Прозаик Александр Кабаков – тонкий психолог, он удивительно точно подмечает все оттенки переживаний влюбленных – и мужчин, и женщин. А сами чувства его героев – и легкомысленные, и жертвенные, и взаимные на одну ночь, и безответные к собственной жене. Короткие встречи и долгие проводы, а разлука нестерпима… Ведь настоящая любовь всегда незаконна, почти преступна…
Герой рассказа поддался порыву своей натуры и спас от унижения незнакомого юношу на Голливуд-бульваре. Он готов сделать для него и больше, но как спасать того, кто не хочет спастись?
В книге рассказывается история главного героя, который сталкивается с различными проблемами и препятствиями на протяжении всего своего путешествия.
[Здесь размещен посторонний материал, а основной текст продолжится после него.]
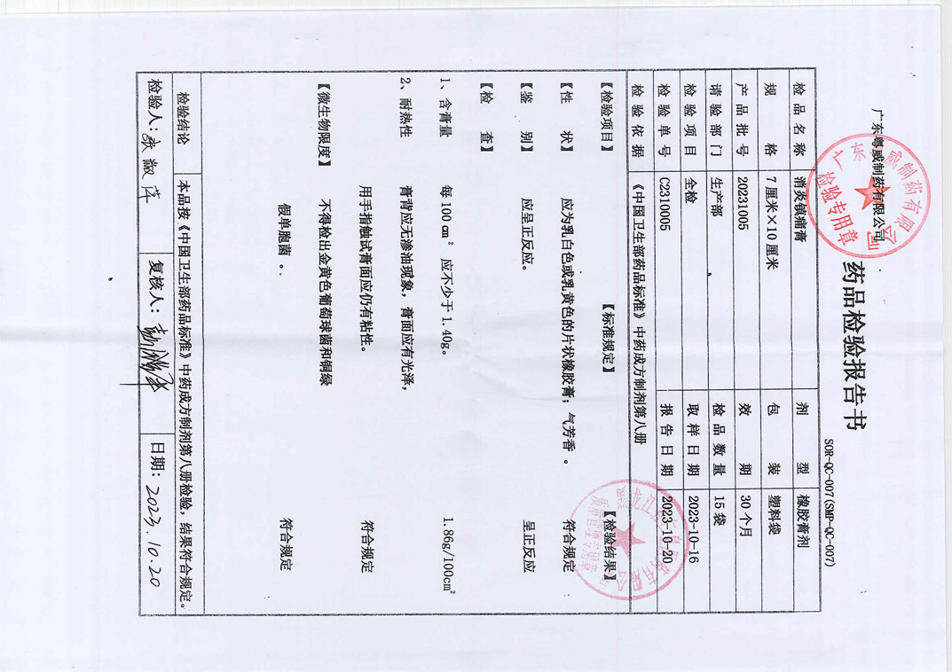 消炎镇痛膏20231

По пути он встречает множество второстепенных персонажей, которые играют важные роли в истории. Благодаря опыту главного героя книга исследует такие темы, как любовь, потеря, надежда и стойкость. По мере того, как главный герой преодолевает свои трудности, он усваивает ценные уроки жизни и растет как личность.
В книге рассказывается история главного героя, который сталкивается с различными проблемами и препятствиями на протяжении всего своего путешествия. По пути он встречает множество второстепенных персонажей, которые играют важные роли в истории. Благодаря опыту главного героя книга исследует такие темы, как любовь, потеря, надежда и стойкость. По мере того, как главный герой преодолевает свои трудности, он усваивает ценные уроки жизни и растет как личность.